(TASK OBJECTIVE): Reproduce the whole listing word for word. Leave every image out.

(COLLECTED MATERIAL):
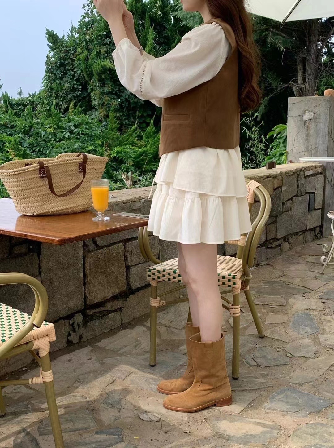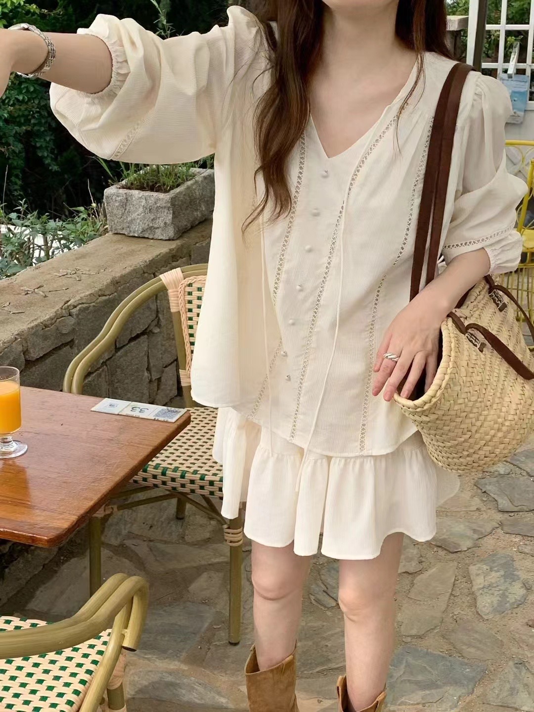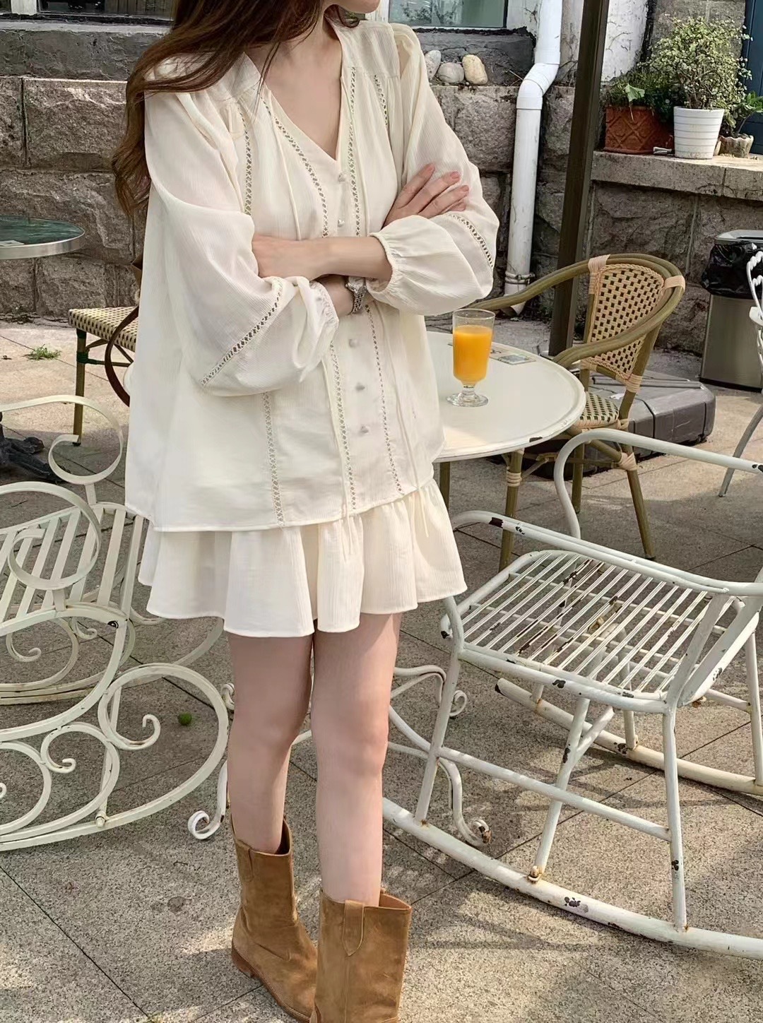 2025 새로운 한국 스타일 부드러운 스타일 V-Neck 할로우 레이스 업 셔츠 높은 허리 스커트 세트 여성용 2 피스 세트
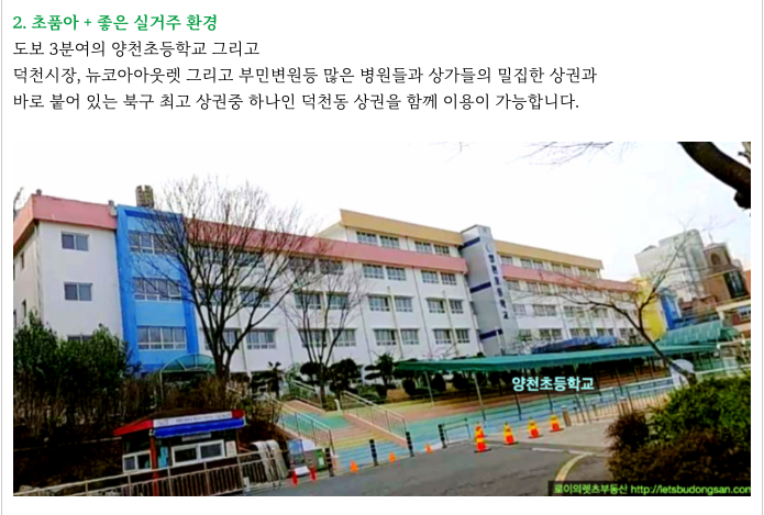뉴코아 아울렛, 덕천시장, 덕천동 젊음의거리, 부민병원 성심병원등 주거 인프라가 좋습니다.
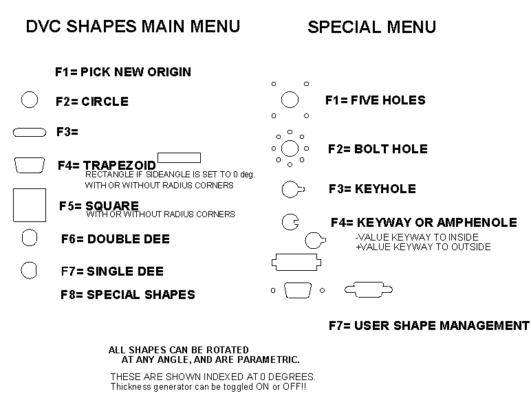 F4 OTHER More Shapes (See page 4 for types) When you pick this one a graphic display is drawn on the screen showing you what types to pick from. Enter a number on keypad corresponding with a desired shape. Remember only one surface is drawn so watch out for material thickness. DIF_PAN can draw all these shapes.
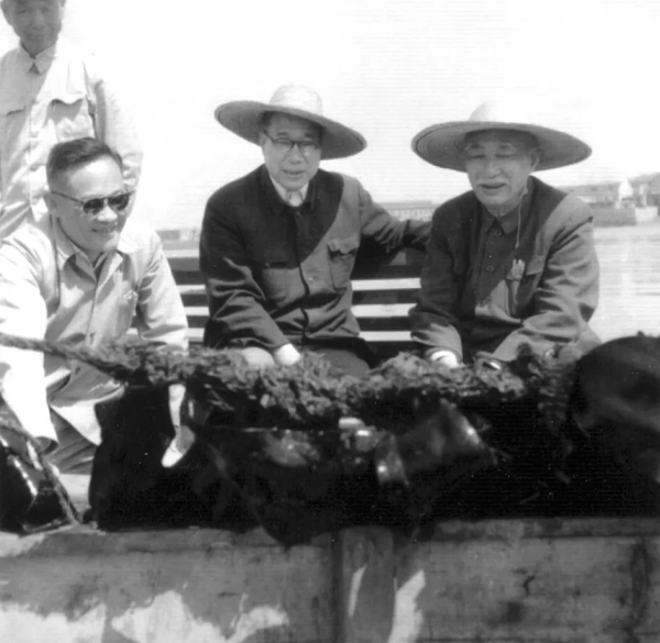 1965年6月4日,教育部部长叶圣陶(右一)在时任海洋所副所长曾呈奎(左一)、山东海洋学院生物系主任方宗熙的陪同下,在青岛近海舢板上观察海带生长情况。海洋所供图

(REPLY TO THE EXERCISE):
 2025 새로운 한국 스타일 부드러운 스타일 V-Neck 할로우 레이스 업 셔츠 높은 허리 스커트 세트 여성용 2 피스 세트
뉴코아 아울렛, 덕천시장, 덕천동 젊음의거리, 부민병원 성심병원등 주거 인프라가 좋습니다.
 F4 OTHER More Shapes (See page 4 for types) When you pick this one a graphic display is drawn on the screen showing you what types to pick from. Enter a number on keypad corresponding with a desired shape. Remember only one surface is drawn so watch out for material thickness. DIF_PAN can draw all these shapes.
 1965年6月4日,教育部部长叶圣陶(右一)在时任海洋所副所长曾呈奎(左一)、山东海洋学院生物系主任方宗熙的陪同下,在青岛近海舢板上观察海带生长情况。海洋所供图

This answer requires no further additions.